2 Replies Latest reply: Jan 3, 2018 10:47 AM by Christian

# OSPF number of adjacencies on VPLS

Hi Team,

I just started to read something about “how to deploy OSPF (IS-IS) on VPLS”.

VPLS offers you a broadcast service and you can deploy OSPF in broadcast mode. The following thread is discussing to use P2MP to avoid problems in cases of PW outages or RP failures:

When looking from the design perspective the number of adjacency states is relevant. But I don’t understand the calculation

Quote from the mail thread: <With the p2mp network approach, the number of adjacencies is O(N^2) (vs O(N) in the broadcast network case)>

From my point of view the overall number of adjacency states (example network with 3 routers) in case of OSPF:

Number of full adjacencies with LSA processing …

DR/BDR = O{N-1}

other routers = O{N} (DR and BDR)

total adjacencies = O{(N-1)+N}

*** P2MP mode:

total adjacencies = 2+2+2 = O(N-1)^N

Where did I miss something?

Thanks for your support

Christian

Nachricht geändert durch Christian

• ###### 1. Re: OSPF number of adjacencies on VPLS

Hi Christian,

My understanding in this discussion is that the routers in the broadcast domain establish adjacencies with DR and BDR only. So, it will be 2 adjacencies per router. For DR and BDR, each will have an adjacency to all the remaining routers.
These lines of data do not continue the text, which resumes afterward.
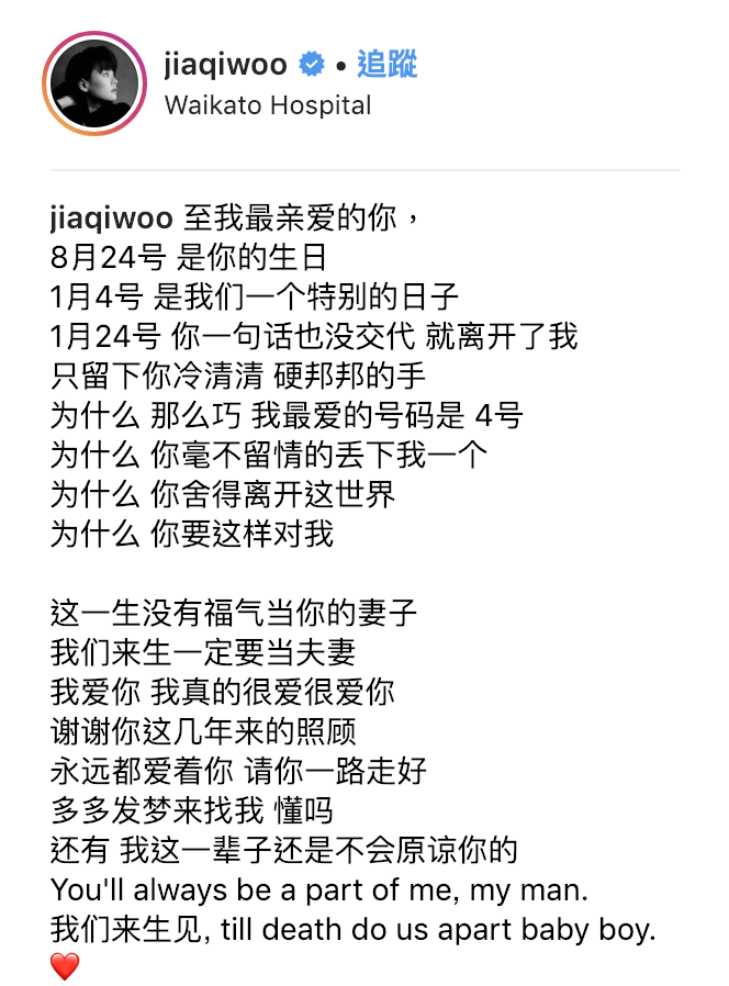 去年在電視劇《229明天見》飾演他母親的「葉全真」得知噩耗後,隨即也在臉書難過地發文悼念:「天使,謝謝你來走了一遭,留下了屬於 真 善 與 美 的樣貌,你曾説過去的國家不多,帶著你的微笑 展開你的翅膀,翱翔吧!」,而馮偉衷的女友「胡佳琪」也在IG上沉痛的發文悼念,也約定「這一生沒有福氣當你的妻子 我們來生一定要當夫妻」,兩人過去戀情為非公開的狀態,而如今卻天人永隔,讓胡佳琪悲傷不已。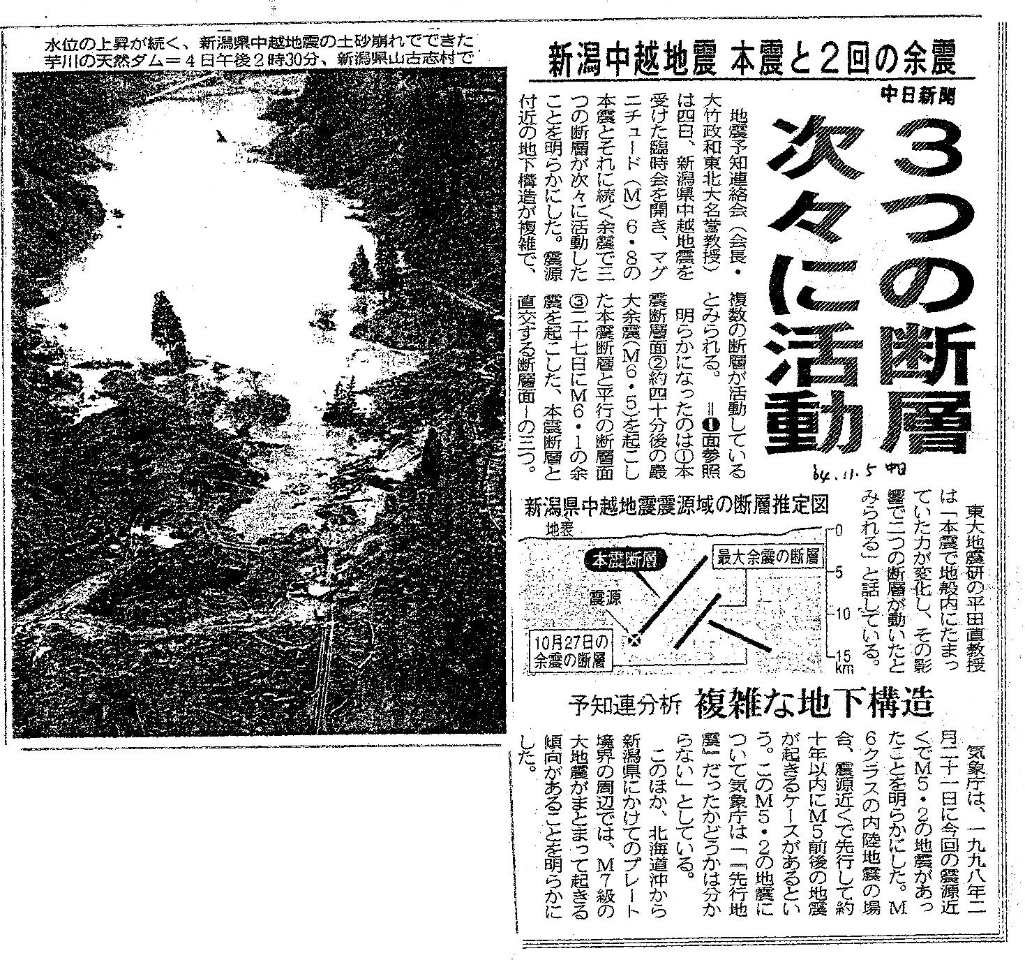 [2004_11_05_02]新潟中越地震 本震と2回の余震 3つの断層 次々に活動 予知連分析 複雑な地下構造(中日新聞2004年11月5日)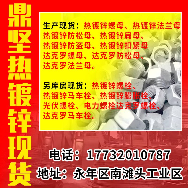 热镀锌法兰螺母、热镀锌防松螺母、热镀锌防盗螺母、热镀锌薄母、达克罗防松螺母、达克罗法兰螺母、热镀锌扣紧螺母.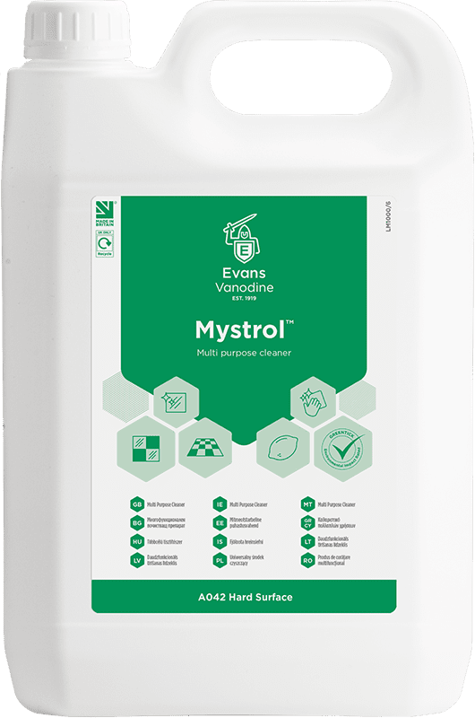 Evans Vanodine A042 Mystrol Concentrated All Purpose Cleaner is a concentrated multi purpose cleaner with a fresh lemon perfume for those tough cleaning jobs. For use on a variety of hard surfaces, including glass, vinyl, rubber, concrete & paintwork. Highly recommended for use as a carpet pre-spray treatment, and also for cleaning car interiors.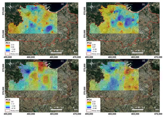 Principal components furnish the macro-parameters, i.e., synthetic data that convey strong and significant information and, therefore, are particularly suitable and relevant for time monitoring or digital mapping and spatial analysis, just like original parameters [39]. However, it should be noted that the mapping of the sources of variability does not cover the entire study area, since the limit of the interpolation is given by the coverage of the identified flood points.

In the P2MP scenario, this means many point-to-point connections, so you do not have the DR/BDR election. So, basically the number of adjacencies will be the number of the 'point-to-point links' in this VPLS domain. If you have a full mesh 'circuits' it means you would have 3 'circuits' when you have in total 3 routers.

RouterA --- RouterB

RouterB --- RouterC

RouterC --- RouterA

Regards,

Liz

• ###### 2. Re: OSPF number of adjacencies on VPLS

Hi Liz,
thanks for your feedback.
I have the some understanding in both scenarios (broadcast and P2MP).
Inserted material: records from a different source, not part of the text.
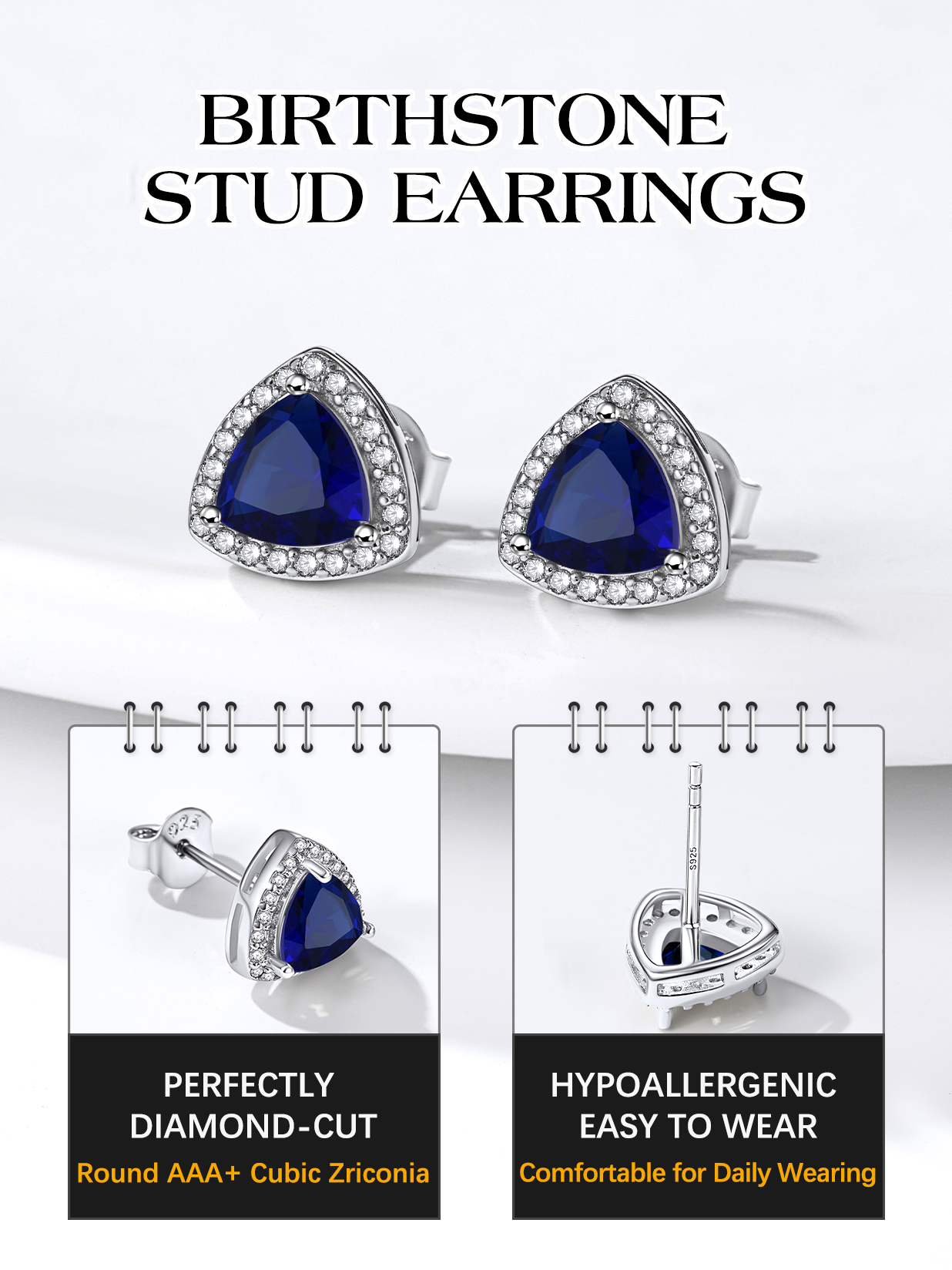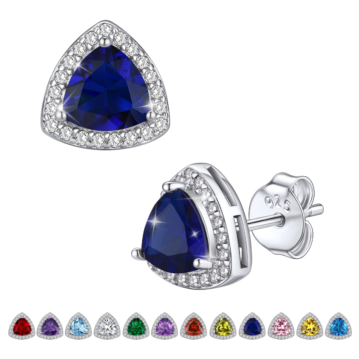 💓[Sepember - Created Blue Sapphire Birthstone Earrings]💓 6mm wide Blue Sapphire Gemstone Earrings embellished with 1mm white Cubic Zirconia, exquisitely inlaid in high polished 925 Sterling Silver. These glittering crystals will shimmer with the slightest movement. So flattering and sparkling, just like the real diamond! There are 12 different colors of Gemstones, corresponding to the birthstone of each month. You can choose the color according to the birth month.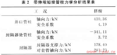 通過以上敏感性分析,設計1.7m伸縮短接便可有效補償擠酸工況管柱變形附加力。以下對安裝伸縮短接后的管柱進行力學分析和強度校核,結果見表2。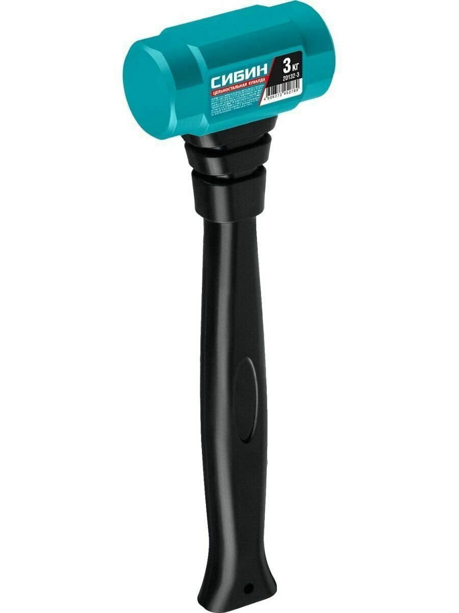 СИБИН 3 кг, 360 мм, цельностальная кувалда с удлинённой обрезиненной рукояткой (20132-3)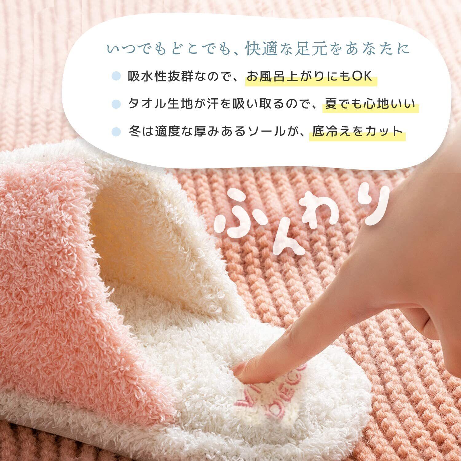 タオル地だから洗濯可能でいつも洗いたてで清潔に使えます。タオルが汗を吸い取り、素足で履いてもいつもさらさらで夏でも心地よくオールシーズン履ける夏用でも冬用でも快適ルームシューズ。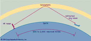 低于约 100 MHz 的频率通常不适用于雷达应用。较低频率可以提供独特而重要能力的一个例子是在无线电频段的短波或高频 (HF) 部分(从 3 到 30 MHz)。HF 频段的优点是这些频率的无线电波被电离层折射(弯曲),因此波在超出地平线的很长距离内返回地球表面,如图所示。这允许在大约 500 到 2,000 海里(900 到 3,700 公里)的距离内进行目标检测。因此,HF 超视距 (OTH) 雷达可以探测到飞机的距离,其距离是地基微波空中监视雷达的 10 倍,而地面微波空气监视雷达的范围受地球曲率的限制。除了远距离探测和跟踪飞机外,HF OTH 雷达还可以设计用于检测弹道导弹(特别是弹道导弹在穿过电离层时造成的干扰)、船只和海洋上的天气影响。海洋上的风会在水面上产生波浪,HF OTH 雷达可以识别这些波浪。从水波回波产生的多普勒频谱中,可以确定风产生的波的方向,从而确定风本身的方向。海浪的强度(表明海况或粗糙度)也可以确定。HF OTH 可以及时获得有关在大片海洋上驱动波浪的风的信息——只有通过其他方式才能非常困难地获得——事实证明,这对于天气预报很有价值。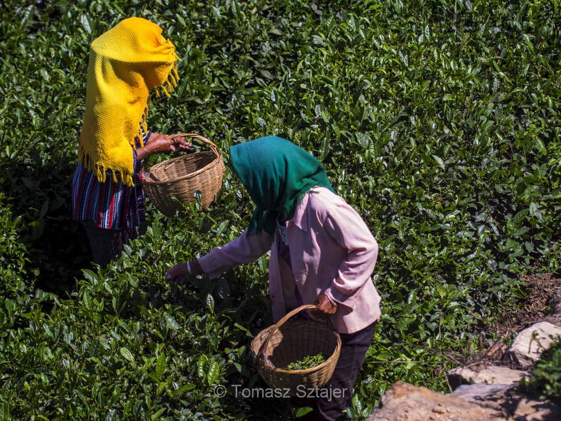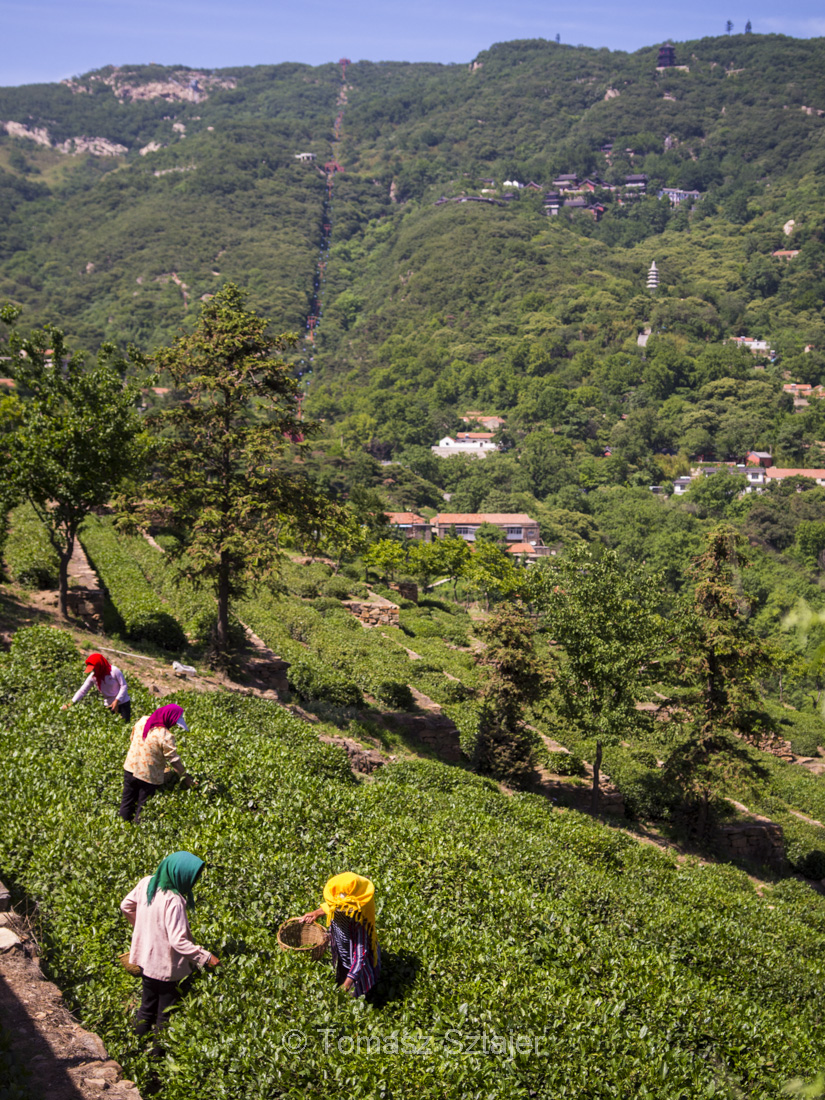 In case you were wondering, the park IS NOT worthy a visit. And definitely not for the ticket price (100RMB). I think this moment marks officialy the beginning of my campaign against the disgusting Chinese greed in terms of draining tourists of their money… Not only the price you have to pay for entering just about any place is always way too elevated, especially compared with local average salary, but it keeps increasing at an absurd pace. Just take a tour around the neighbour countries and you will find that tickets to access some of the finest attractions are 5-10 less costly than in China. Are Chinese attractions 5-10 more awesome than any other? I don’t think so. What is more, in China very often the “ancient” architecture is “recreated” with no respect for the original work (check out the Great Wall of China, rebuilt much wider to accomodate more tourists walking up and down). Fake temples, fake rocks, new “old” borrroughs built everywhere… In Huaguoshan, for example, we have a fake waterfall, fake monks trying to extrude some cash from you, a photo with a monkey in a cage (though officially the government condemns the cruelty blah blah blah). Enough. Look at the photos if you please but AVOID the place. Any bright spots? Maybe the colorfully dressed, hard-working women picking tea leaves on the way.

In a VPLS network (that is emulating a switched environment) every router peers with the others.

Router A has OSPF Full state (=transmitting LSA packets) with router B and C.
Router B with A and C ; Router C with A and B

So the overall number of adjacencies (O) is 6.

Here I made a mistake in the generic formular.    It should be number of states O{(N-1)*N}
Thanks for the feedback
Christian